Singapore Island Country Club originated in 1891 as The Golf Club and its first members played over a 9-hole course at the local horseracing track. The club moved to Bukit Timah in the early 1920s and a new 18-hole layout (today’s Bukit) was ready for play four years later. The authors of James Braid and his Four Hundred Golf Courses take up the rather unusual story:
“Braid was asked to design a layout of eighteen holes, which he did by using topographical maps. These disappeared during World War II, along with club records, as a result of the Japanese invasion. It was only recently that Braid had been attributed with the course, which was ploughed up during the war and the clubhouse was destroyed. A new course has now opened, attempting to recreate some of the Braid characteristics…
Is the Bukit a Braid course? We know maps had a great fascination for him and it is not beyond the realms of possibility that at the very height of course designing in the early 1920s he could have taken on what seems an extraordinary task.
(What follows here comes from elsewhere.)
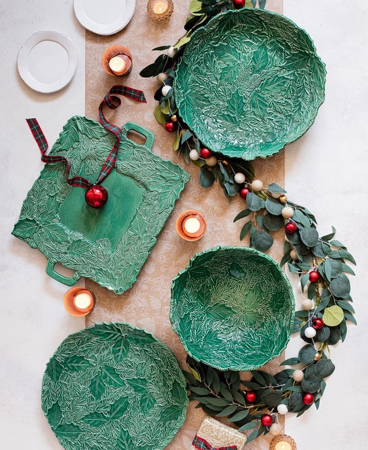 VIETRI Lastra Holiday Green Figural Shallow Bowl

Stranger things have happened.”
By 1938, the Sime course had been added and the club was renamed the Royal Singapore Golf Club.
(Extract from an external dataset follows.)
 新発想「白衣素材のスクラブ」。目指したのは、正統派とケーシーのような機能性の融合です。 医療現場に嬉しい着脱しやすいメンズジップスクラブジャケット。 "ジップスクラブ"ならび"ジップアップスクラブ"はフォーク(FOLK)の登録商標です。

Merging in 1963 with the Island Golf Club, the amalgamated “superclub” adopted its present name and within five years, they opened the New course at the Island site. Today, members are truly spoiled by having four 18-hole layouts on which to play – the Bukit, Sime, Island and New.
Course architect Frank Pennink is credited with upgrading the Bukit course at the end of the 1960s.
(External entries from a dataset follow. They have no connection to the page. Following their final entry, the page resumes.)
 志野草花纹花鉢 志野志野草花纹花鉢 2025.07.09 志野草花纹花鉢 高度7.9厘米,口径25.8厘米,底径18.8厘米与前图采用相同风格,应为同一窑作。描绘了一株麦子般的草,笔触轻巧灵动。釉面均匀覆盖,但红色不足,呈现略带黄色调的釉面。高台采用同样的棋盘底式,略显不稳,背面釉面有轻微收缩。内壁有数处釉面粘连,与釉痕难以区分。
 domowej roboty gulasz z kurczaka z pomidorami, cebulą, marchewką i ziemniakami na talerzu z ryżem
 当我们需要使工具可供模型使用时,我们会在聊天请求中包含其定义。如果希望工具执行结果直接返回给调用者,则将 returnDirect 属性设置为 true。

A beautiful parkland course laid out beside the MacRitchie Reservoir, the Bukit has held many Singapore Opens (starting in 1962) but perhaps its finest moment was when it hosted the World Cup back in 1969 – Orville Moody and Lee Trevino won the team event for USA, with six-time major winner “SuperMex” claiming the individual trophy.
SICC was founded in 1891. The Bukit course opened in 1924 (cost: $45,000) with a James Braid design that has not been altered since. Braid, from Scotland, was a great professional golfer who won The Open five times. He was also a prolific golf course designer with over 200 courses to his credit, almost all in the British Isles. He was afraid of the ocean and therefore did no overseas travel. Braid never visited the SICC site and did the design solely from topographic maps. He was well-known for his accurate and detailed working drawings…
Singapore is only 85 miles north of the Equator. We are riding in carts which is a good thing because the course is quite hilly in places. All holes are lined with tall mature trees as well as the periphery of the course (3,000 in total and at least 10 varieties). There is a feeling of isolation and so quiet in places that you could hear crickets chirping. On a few holes trees squeeze the playing surfaces. Out-of-bounds comes into play on a few holes.
On the beginning holes you are able to see the huge Mac Ritchie Reservoir. A small tributary of the reservoir affects play on only four holes. The fairways and rough are Cow Grass similar to Wack Wack, but are much better maintained so there was normal roll. The club has a maintenance challenge with wild boars (pigs) chewing up the fairways. They cannot be eliminated. The course is 6,607 yards par 72 with only 69 bunkers. A few of the holes are on flat terrain, but mainly the course has some steep uphill and downhill shots as well as some steep falloffs around some greens. Approach accuracy is important as a miss to the wrong green side is disastrous. The greens were firm and tough to read due to some grain. The grass is a type of Bermuda called serangoon.
After golf we took a short ride to the other side of the huge property to a busy, large clubhouse built in 2011. SICC is a huge operation with 7,800 members and 4-½ courses in two locations. In addition to Bukit, the other courses are called Island, New, Sime, and Millennium (9 holes).